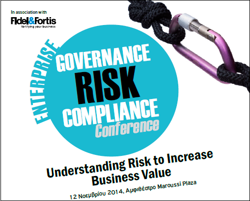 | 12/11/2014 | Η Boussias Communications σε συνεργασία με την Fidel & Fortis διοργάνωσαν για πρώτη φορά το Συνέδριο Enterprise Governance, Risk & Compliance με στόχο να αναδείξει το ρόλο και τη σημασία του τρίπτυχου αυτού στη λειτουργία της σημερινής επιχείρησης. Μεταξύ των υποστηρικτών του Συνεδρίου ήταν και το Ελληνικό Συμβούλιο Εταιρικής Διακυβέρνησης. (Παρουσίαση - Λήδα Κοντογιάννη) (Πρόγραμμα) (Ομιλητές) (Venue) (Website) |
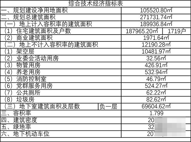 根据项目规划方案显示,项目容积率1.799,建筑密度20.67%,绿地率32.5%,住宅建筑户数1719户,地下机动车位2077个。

== == ==

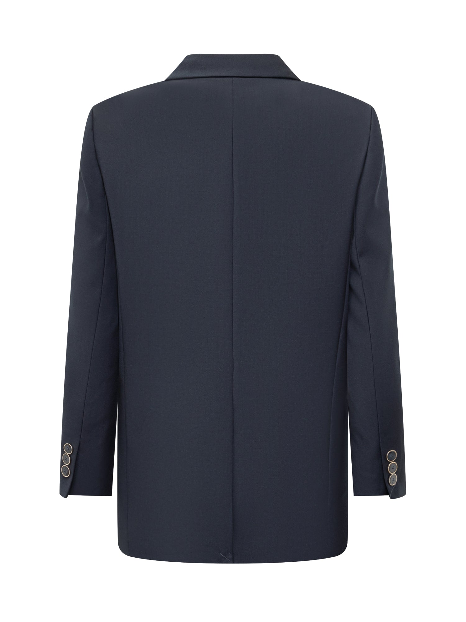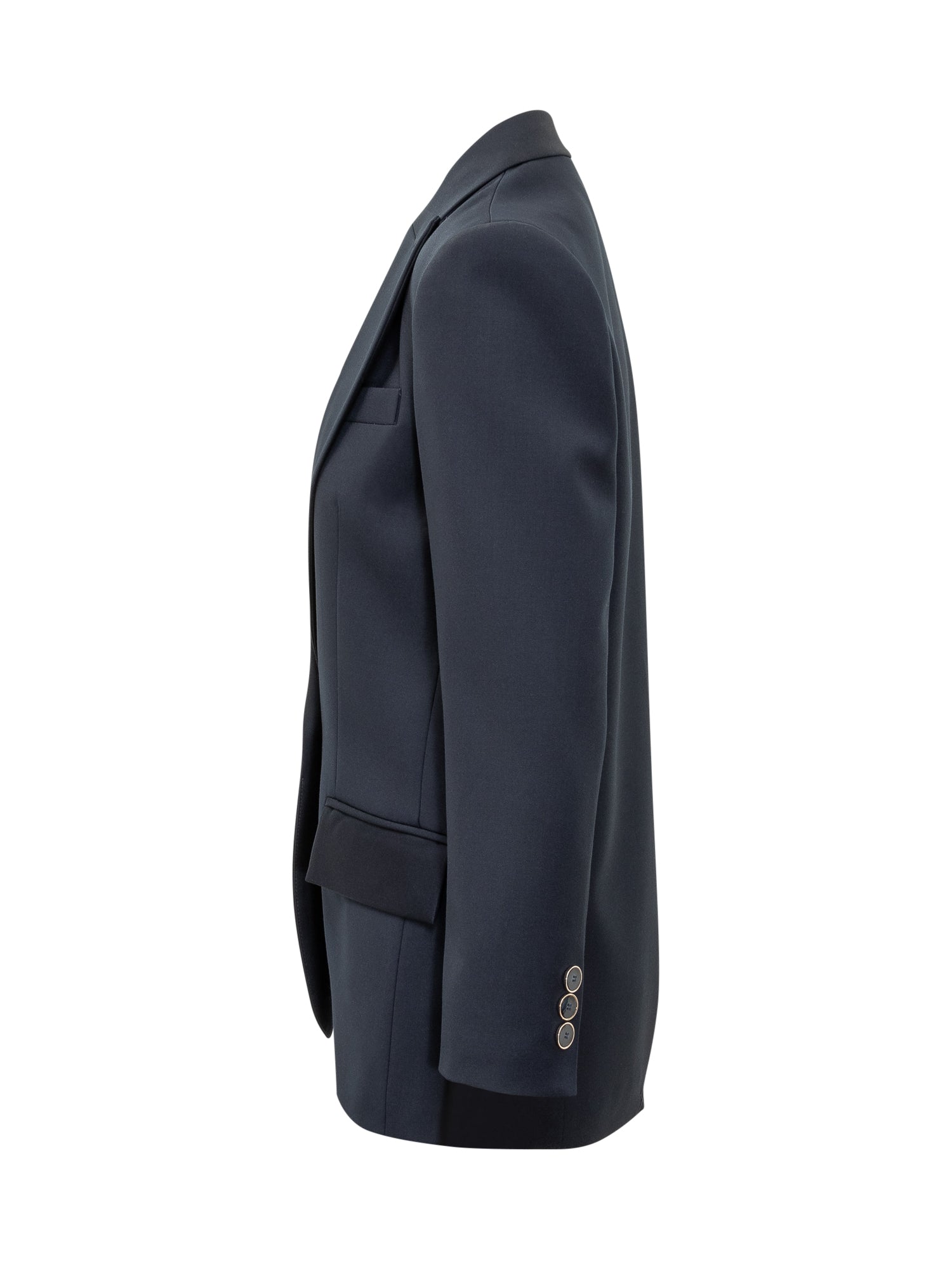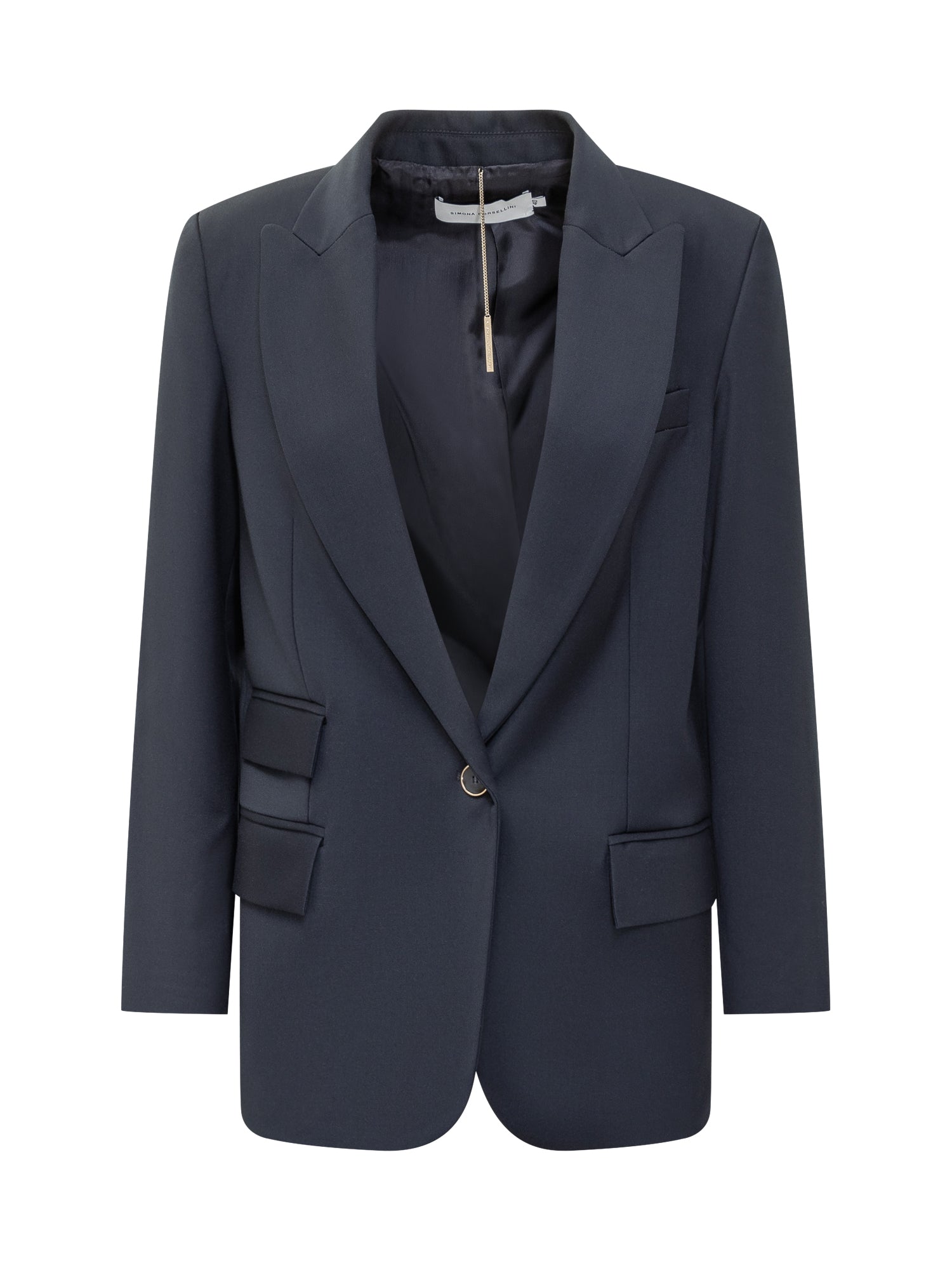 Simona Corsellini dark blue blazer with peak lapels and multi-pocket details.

== == ==

Only the lines above starting with the line with "(Venue) (Website) |" and going on through the line with "根据项目规划方案显示,项目容" belong in the answer; repeat them exactly, minus any picture.

 | 12/11/2014 | Η Boussias Communications σε συνεργασία με την Fidel & Fortis διοργάνωσαν για πρώτη φορά το Συνέδριο Enterprise Governance, Risk & Compliance με στόχο να αναδείξει το ρόλο και τη σημασία του τρίπτυχου αυτού στη λειτουργία της σημερινής επιχείρησης. Μεταξύ των υποστηρικτών του Συνεδρίου ήταν και το Ελληνικό Συμβούλιο Εταιρικής Διακυβέρνησης. (Παρουσίαση - Λήδα Κοντογιάννη) (Πρόγραμμα) (Ομιλητές) (Venue) (Website) |
 根据项目规划方案显示,项目容积率1.799,建筑密度20.67%,绿地率32.5%,住宅建筑户数1719户,地下机动车位2077个。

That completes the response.